— Toi, tu es toujours le même et mis comme un prince. Ton filon doit être sérieux. Quant à moi, devine mon histoire.

— Allons déjeuner, d’abord. Je viens d’assister, en flânant, au repas des animaux féroces et ce spectacle m’a creusé ! Trouve-t-on par ici des beefsteaks moins saignants, sinon moins durs ?

Quand ils furent assis, en face l’un de l’autre, à une table de buffet de la gare :

— Voyons, sérieusement, qu’est-ce que tu fais ? demanda Manet en vidant son premier verre de sauterne.

— Mon cher, tu as l’honneur de parler à un mécanicien de première classe de l’Orléans.

L’ingénieur de la compagnie argentifère fit un geste, tout en continuant à déguster par petites gorgées son faux lur-saluces.
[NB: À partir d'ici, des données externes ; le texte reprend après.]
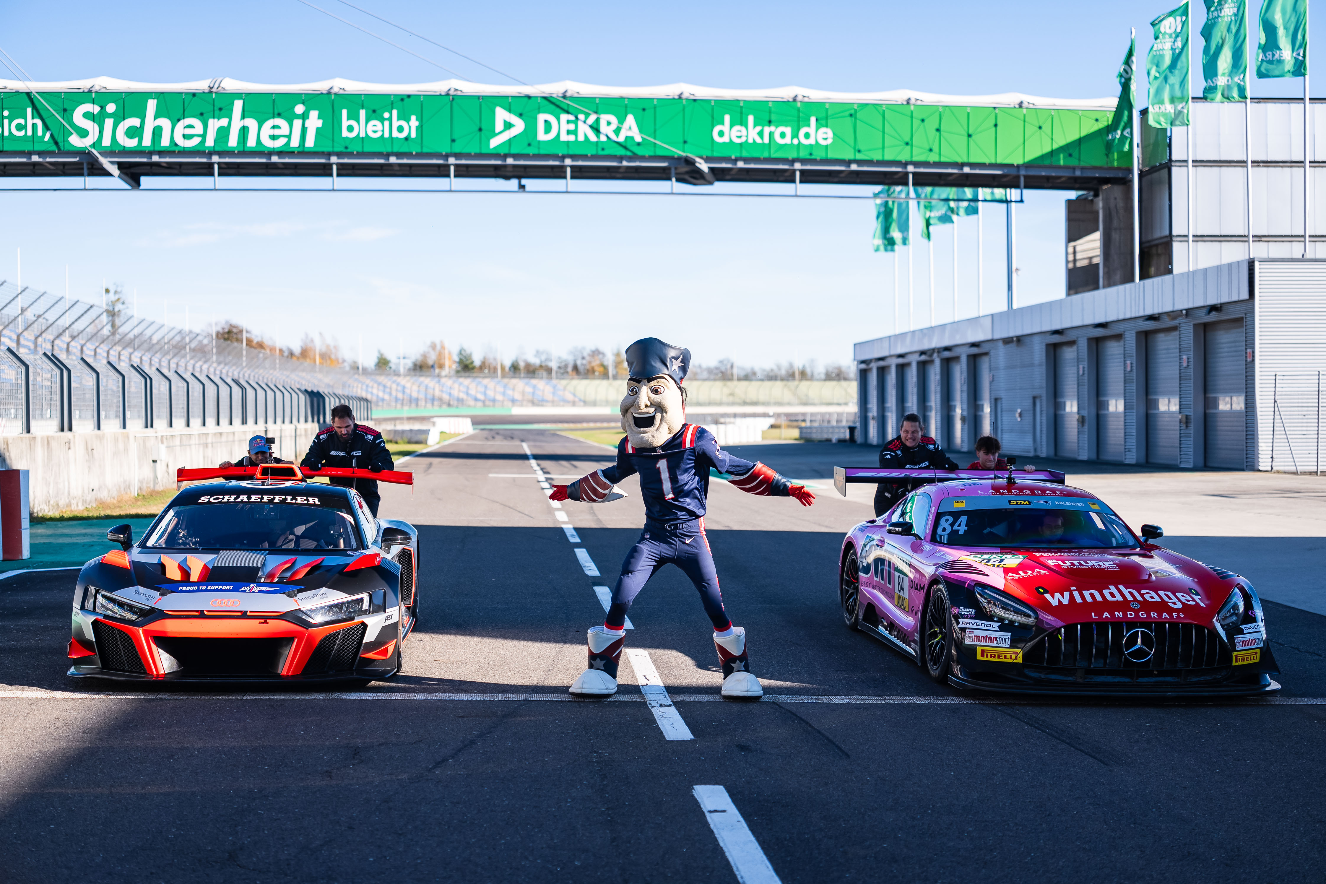 Motorsport trifft auf American Football: Bevor die NFL (National Football League) am 9. November erstmals ein reguläres Saisonspiel im Berliner Olympiastadion austrägt, sorgten die DTM und die New England Patriots am Donnerstag für die perfekte Einstimmung. Beim „Motorsport meets American Football Day“ auf dem Dekra Lausitzring trafen DTM-Champion Ayhancan Güven (TR/Manthey EMA) und Youngster Tom Kalender (Hamm/Sieg) vom Mercedes-AMG Team Landgraf auf die beiden deutschen NFL-Legenden Sebastian Vollmer und Markus Kuhn sowie den dreimaligen Super-Bowl-Sieger Lonie Paxton aus den USA. Im Rahmen der neuen Partnerschaft mit den Patriots, dem Rekordchampion der NFL, standen verschiedene Medienaktivitäten und Renntaxifahrten auf dem Programm.

— Tu as fait ce que j’ai été sur le point de faire, dit-il en reposant son verre. Mais le courage m’a manqué, et j’ai encore mieux aimé courir la chance de la fièvre jaune. S’expatrier, c’est dur ! mais ce que tu endures est encore pis, troun de l’air !
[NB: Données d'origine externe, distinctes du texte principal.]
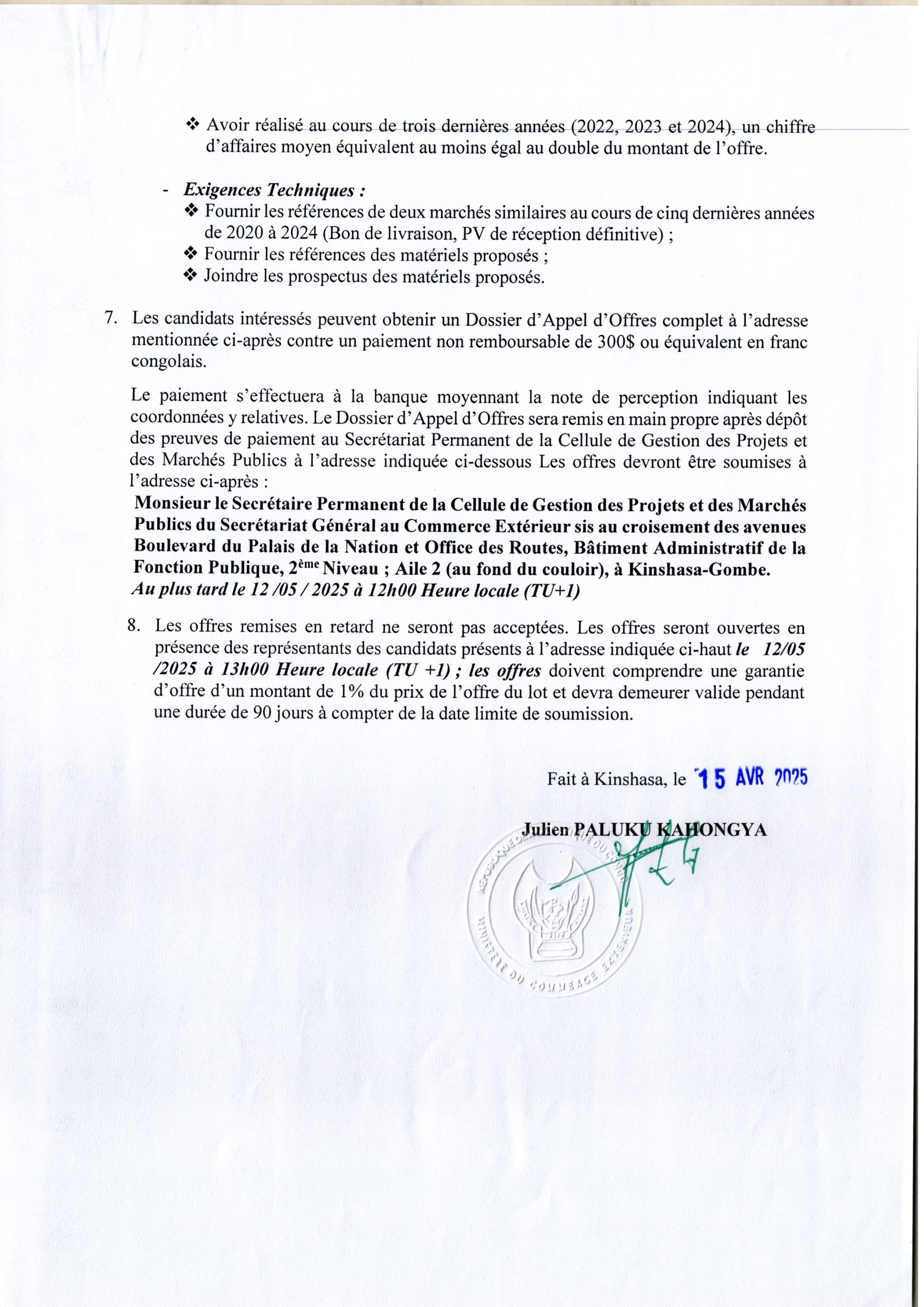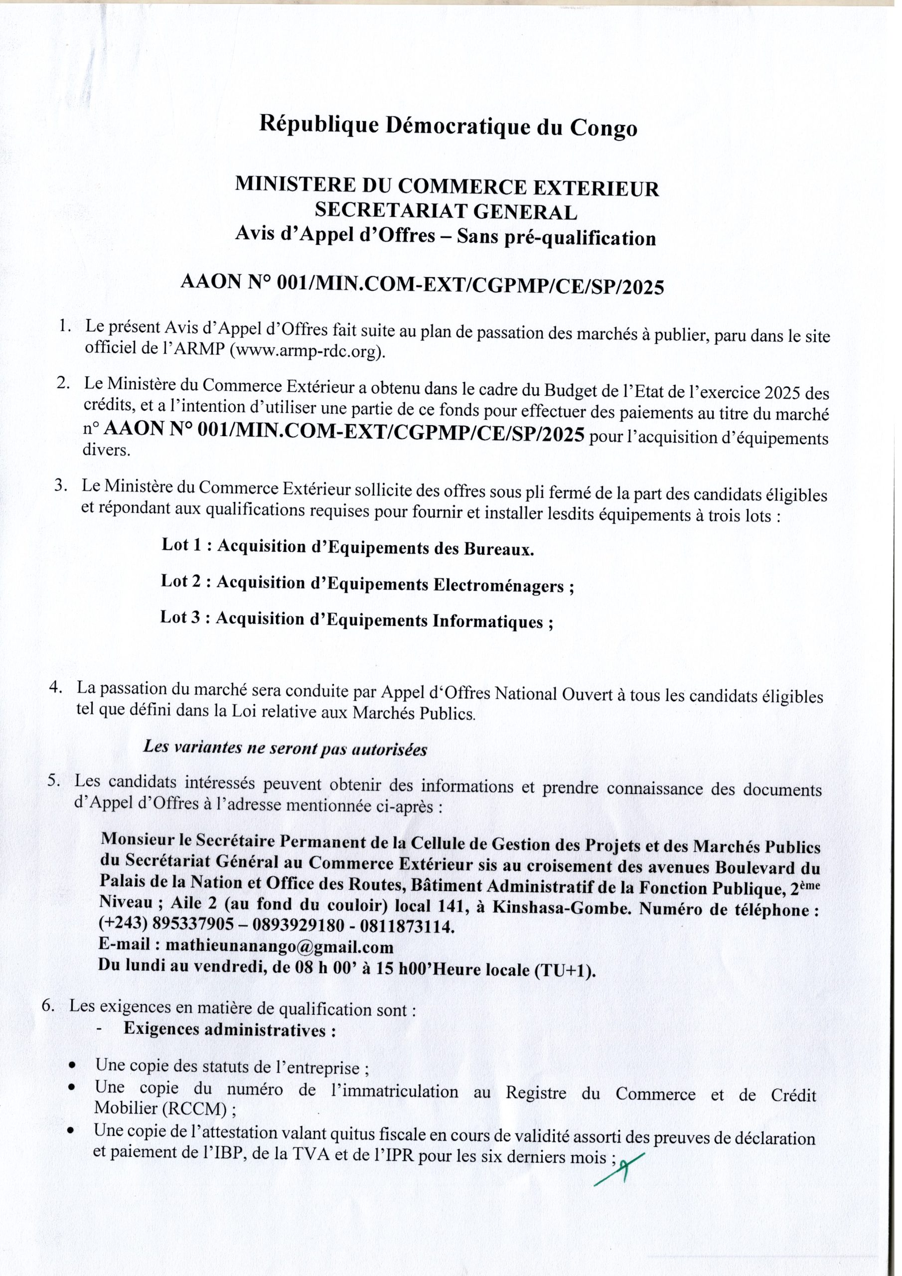Acquisition d’équipements divers en faveur de Ministère du Commerce Extérieur

— A présent, ce n’est rien. Si tu m’avais connu apprenti !

— Je suppose que tu ne l’as pas été longtemps ?

— Eh ! mon cher, il faut un an pour être bon chauffeur, en admettant, bien entendu, qu’on ait des dispositions. Il paraît que j’en avais d’énormes. Maintenant, je suis un monsieur. Je ne touche plus au charbon, ni à la boîte à fumée, la fatale boîte à fumée qui fait de nous des nègres ! Je conduis les express, et si tu voyais ma machine ! Un bijou fin et brillant comme la montre d’une jolie femme. Tout à l’heure nous irons la visiter.